BBC NEWS | Europe | France holds man over 18 murders
The French police have arrested and are holding for questioning a 68 year old man in relation to 18 unsolved murders, of mostly homosexual men between 1980 and 2002. The suspect, Nicolas Panard is alleged to have killed 11 people in the Alsace region, four others in neighbouring Franche-Comte and three near Paris. His alleged accomplice Slim Fezzani is currently serving a 20 year prison sentence for a separate murder.
The pair are being held for questioning in the Franche-Comte town of Montbeliard, where the deputy state prosecutor has told the AFP newsagency that the two men denied the allegations and that there is "no formal proof" linking them to the crimes.
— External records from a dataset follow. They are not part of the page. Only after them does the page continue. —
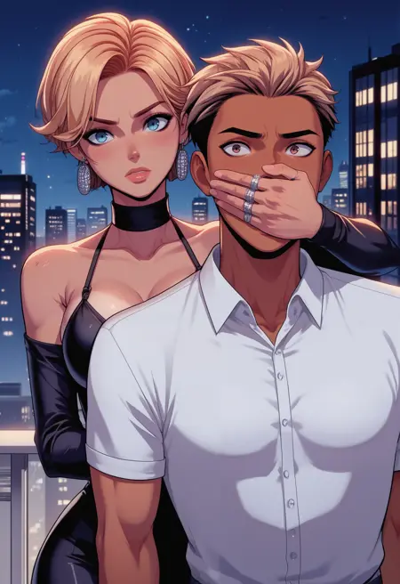 要描述捂住嘴巴的人,在标签后添加 "dom"。示例:"红发 handgagger, 蓝眼睛 handgagger, 红色夹克 dom" 等。
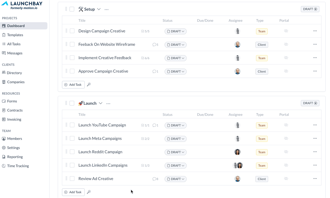 So you can create and modify client tasks in your LaunchBay projects without clients seeing them until you are ready; both Client Tasks and Internal Tasks are automatically set to the "Draft" status and not visible to clients in their portals until you send them.
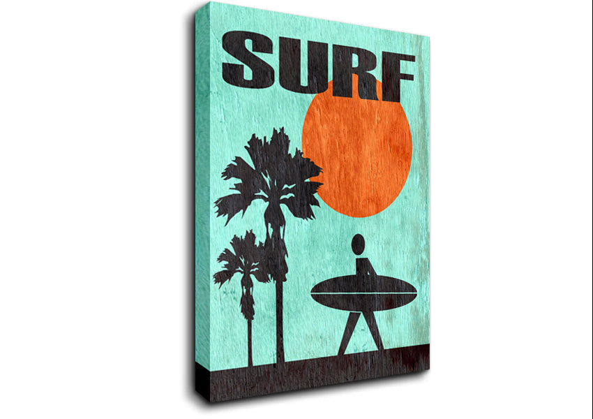 Surf Time Canvas Print handmade in the UK. Stretched over a 2 inch thick wooden box frame, ready to hang on your wall.
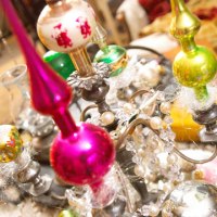Vintage tree toppers take center stage when grouped into an antique candleholder. Be sure to secure the toppers with temporary adhesive that won’t damage the ornament.
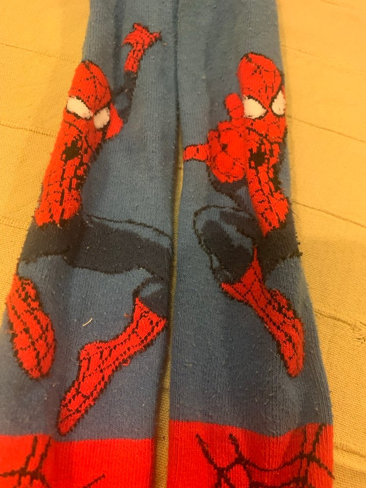 Koyu mavi zemin üzerine canlı kırmızı ve siyah Örümcek Adam baskılı erkek çoraplar. Renkli desenlerle eğlenceli bir görünüm sunar. 3/4yaş
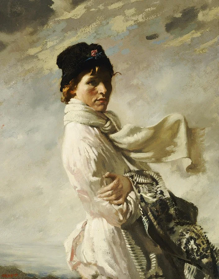 William Orpen painted The Artist’s Wife during his summers at Howth Head, a dramatic headland near Dublin where he found inspiration in the light, landscape, and sea air. The painting captures his wife, Grace, poised against the wind-swept cliffs—a moment of stillness within nature’s movement. Created in 1909, during a time of cultural revival in Ireland, the work blends Impressionist influence with classical portraiture, reflecting Orpen’s key role in shaping modern Irish art.
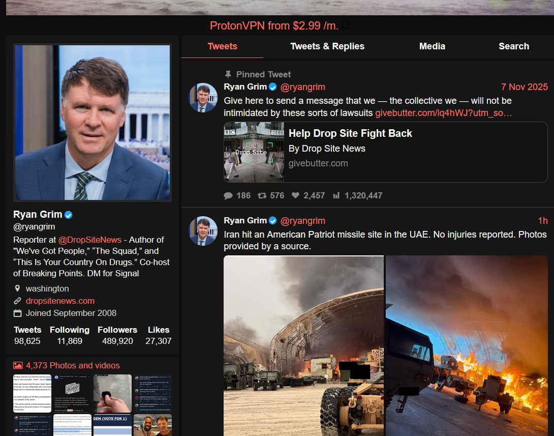 Поймите это! Предположительно, это крупнейшая в мире военная держава, обладающая самыми большими в мире воздушными возможностями, и в течение 4 дней, когда США перешли в наступление, предположительно и предположительно, прорвав иранскую оборону, мы не видим никаких признаков американского господства в иранском небе. Где все видеозаписи полетов наших самолетов над Тегераном или любой другой частью Ирана, если уж на то пошло?
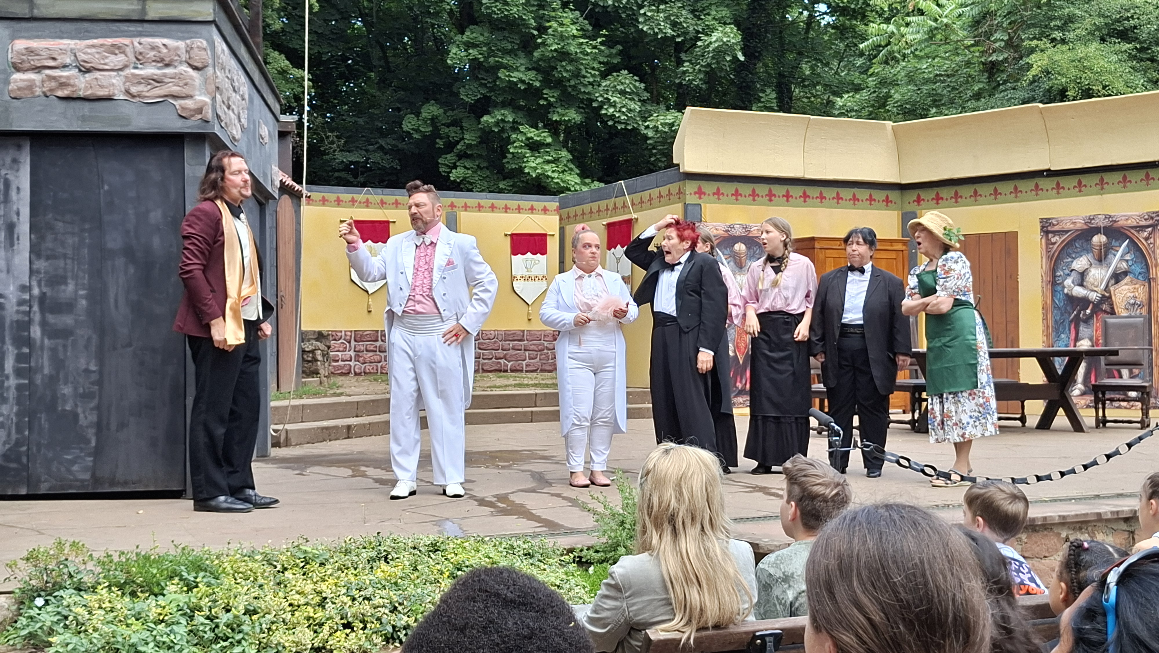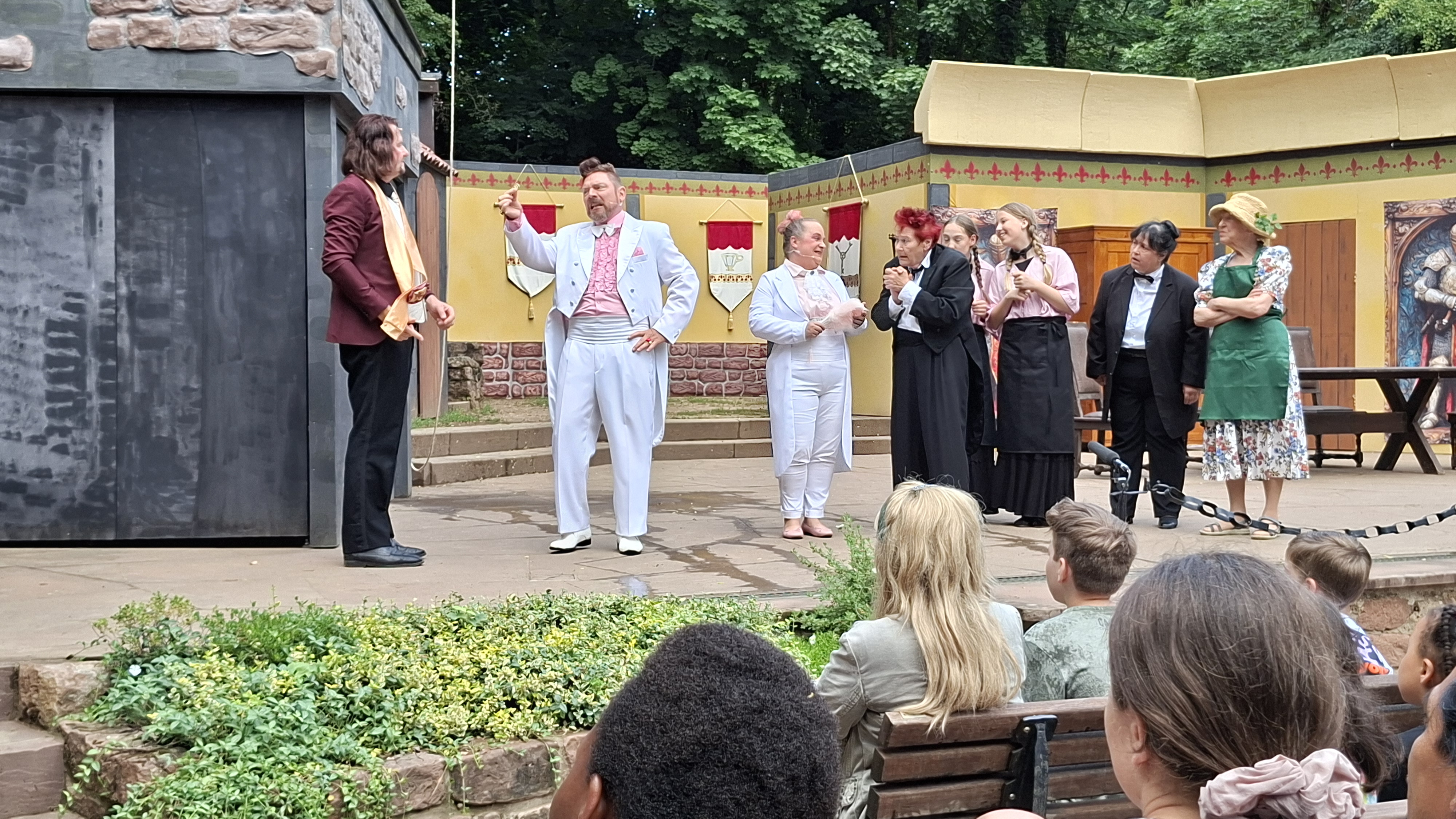 Viernheim (R.Miltner) – Bei der Lebenshilfe ist Sommerzeit auch Theaterzeit unter freiem Himmel. Bereits seit 1999 ist ein Besuch der schönen Freilichtbühne in Mannheim Gartenstadt fester Bestandteil im Vereinskalender. So auch in diesem Jahr, eine 15köpfige Gruppe der Lebenshilfe erfreut sich an diesem Sommerspektakel. „Hui Buh das Schlossgespenst“, ein packendes Theaterstück für die ganze Familie – voller Abenteuer, spannend und gewürzt mit tollen Effekten. „Wir sind gerne gesehene Gäste und fühlen uns sehr wohl in diesem herrlichen Ambiente“ auch für Menschen mit Beeinträchtigungen immer wieder ein tolles Erlebnis, so Robert Miltner Vorsitzender der Lebenshilfe. Hui Buh ist das einzige behördlich zugelassene Gespenst auf Schloss Burgeck. König Julius der 111. zieht dort ein, was Hui Buh gar nicht gefällt. Er versucht Julius zu vergraulen – mit dem Ergebnis, dass dieser Hui Buhs Spuklizenz verbrennt. Julius braucht dringend Hilfe, um den Schatz von Schloss Burgeck zu finden. Hui Buh wiederum braucht Hilfe, um seine Spuklizenz zurückzubekommen. Also tun sich die beiden zusammen und die Geschichte nimmt einen spannenden, kurzweiligen und beindruckenden Verlauf.
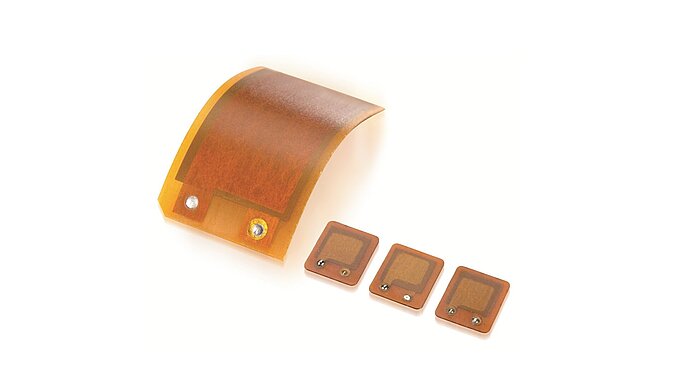 The curing temperature profile of the autoclave is selected so that a defined mechanical preload of the piezoceramic plates will result due to the different thermal expansion coefficients of the materials involved. The polymer coating of the GRP also serves as electrical insulation. Robust, bendable transducer elements that can be manufactured in large batches are the result of this patented technology.
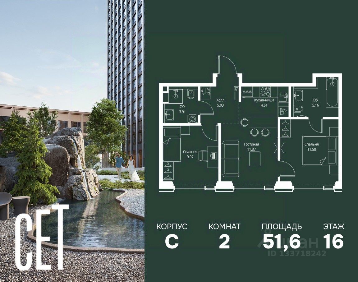 В ЖК Сет продается 2-комнатная квартира площадью 51.63 м², расположенная в корпусе С, на 16 этаже 28 этажного дома.
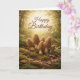 A warm and whimsical birthday design featuring a small cluster of realistic morel mushrooms rising from a mossy forest floor. Soft golden sunlight filters through the trees in the background, creating a peaceful woodland glow that pairs beautifully with the elegant “Happy Birthday” script above. Earthy textures and natural details make this card perfect for nature lovers, foragers, and those who appreciate rustic, organic beauty.

According to a local L'Alsace newspaper, the arrests were the result of a 2 year investigation by a police officer based in Montbeliard who had originally only been investigating a murder in 1991 in Sochaux. By using the police crime database, the officer found mentions of Mr. Panard's name in the case files of several unsolved murders. The officer also discovered several common features in the murders, including the following:
- the victims had been killed by blows to the head;
- the victims had multiple knife wounds;
- the victims were found partly naked but with their faces covered.
During the 1980s there was a spate of unsolved murders of homosexuals across the border from Mulhouse in the French-speaking part of Switzerland.